TASK DATA below:

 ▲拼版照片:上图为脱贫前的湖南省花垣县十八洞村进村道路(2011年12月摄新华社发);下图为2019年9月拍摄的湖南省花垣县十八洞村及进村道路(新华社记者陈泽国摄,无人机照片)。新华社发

End of TASK DATA.
TASK DATA below:

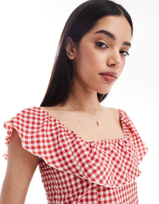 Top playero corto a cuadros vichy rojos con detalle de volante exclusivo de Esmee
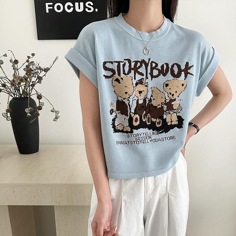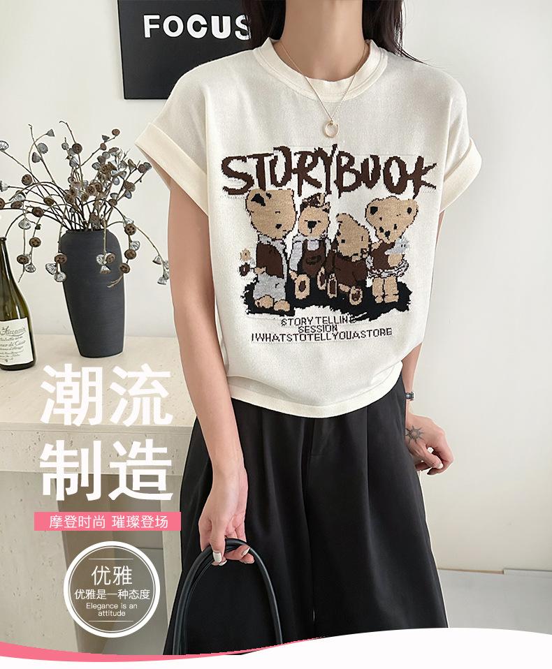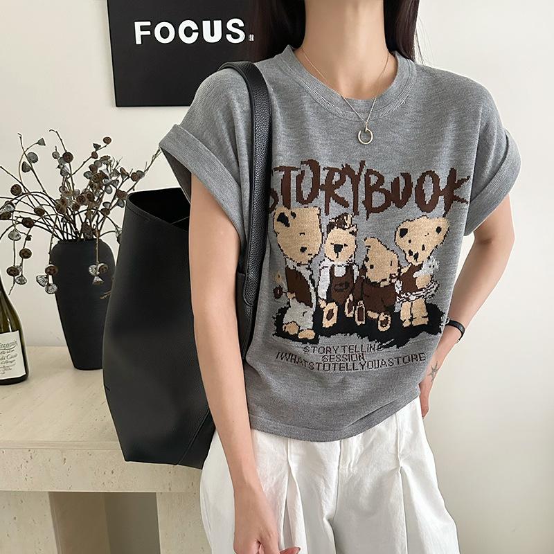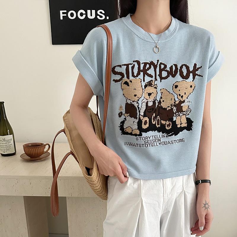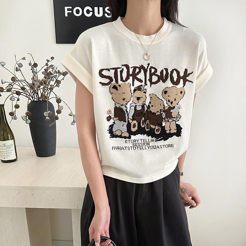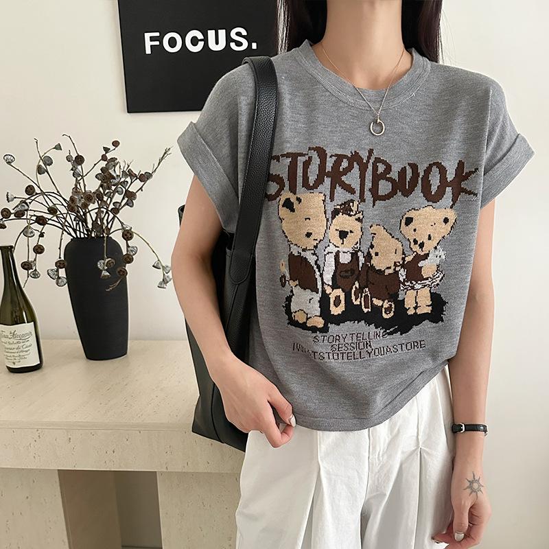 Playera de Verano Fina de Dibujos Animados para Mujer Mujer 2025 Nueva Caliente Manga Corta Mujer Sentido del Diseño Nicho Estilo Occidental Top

End of TASK DATA.
TASK DATA below:

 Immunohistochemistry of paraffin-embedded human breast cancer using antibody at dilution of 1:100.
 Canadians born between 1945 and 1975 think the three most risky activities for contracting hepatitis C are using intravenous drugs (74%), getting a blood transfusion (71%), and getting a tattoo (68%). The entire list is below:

End of TASK DATA.

WORK TO COMPLETE: All lines of the records above with the word "using" in them are to be copied.

RESPONSE FOR THIS EXERCISE:
 Immunohistochemistry of paraffin-embedded human breast cancer using antibody at dilution of 1:100.
 Canadians born between 1945 and 1975 think the three most risky activities for contracting hepatitis C are using intravenous drugs (74%), getting a blood transfusion (71%), and getting a tattoo (68%). The entire list is below:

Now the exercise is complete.